**** PROVIDED MATERIAL
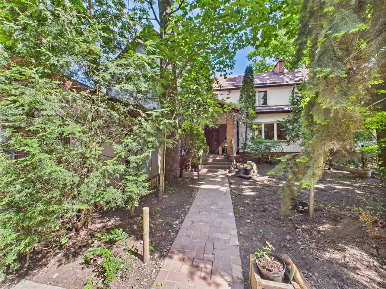 Główne atuty tej nieruchomości to: solidna konstrukcja z cegły z wysoką bezwładnością cieplną, kominek, możliwość adaptacji strychu oraz piękny ogród z dużą ilością zieleni.
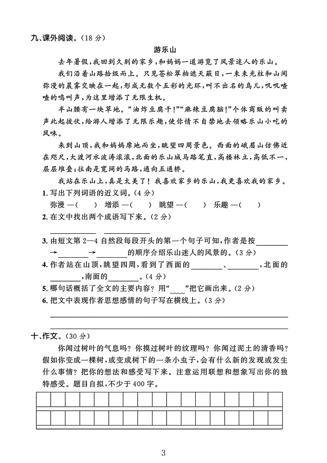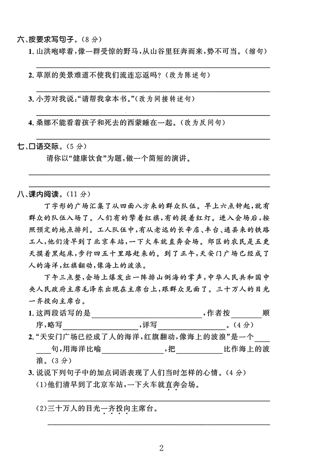 人教版 六年级上册语文 期末试卷 期中考试 电子版可打印 试卷
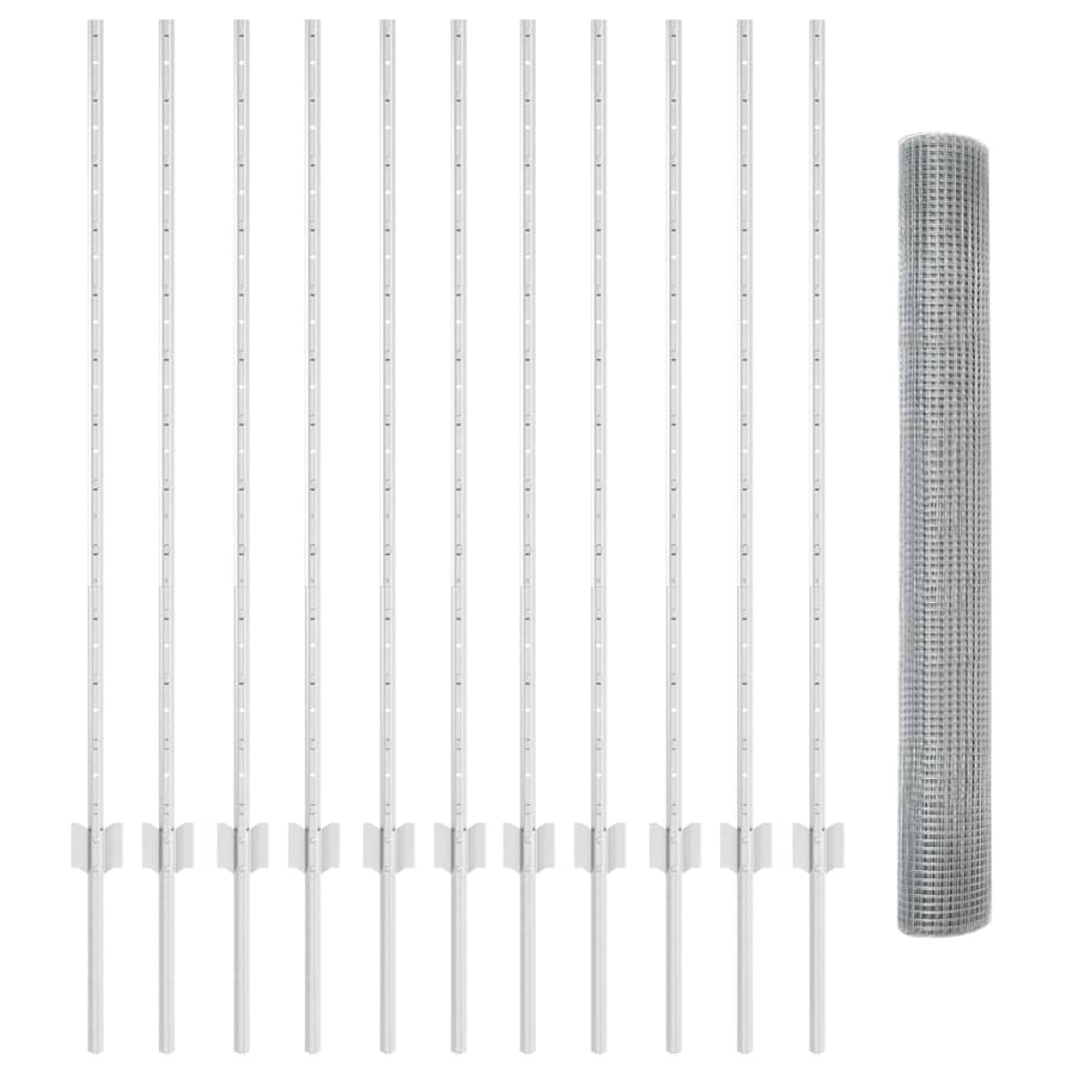 - 1 x Fence roll, 44 x Post, 1 x Set of screws and bolts
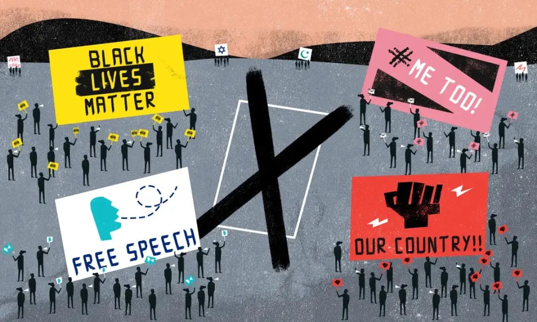 ▲“黑命貴”“Me too”“言論自由”“美國優先”……身份政治將美國社會割裂成一個又一個自説自話的派系,毫無共識可言。
********
Return the material word for word. Pictures are not part of the copy.

#### [ANSWER SPACE]
 Główne atuty tej nieruchomości to: solidna konstrukcja z cegły z wysoką bezwładnością cieplną, kominek, możliwość adaptacji strychu oraz piękny ogród z dużą ilością zieleni.
 人教版 六年级上册语文 期末试卷 期中考试 电子版可打印 试卷
 - 1 x Fence roll, 44 x Post, 1 x Set of screws and bolts
 ▲“黑命貴”“Me too”“言論自由”“美國優先”……身份政治將美國社會割裂成一個又一個自説自話的派系,毫無共識可言。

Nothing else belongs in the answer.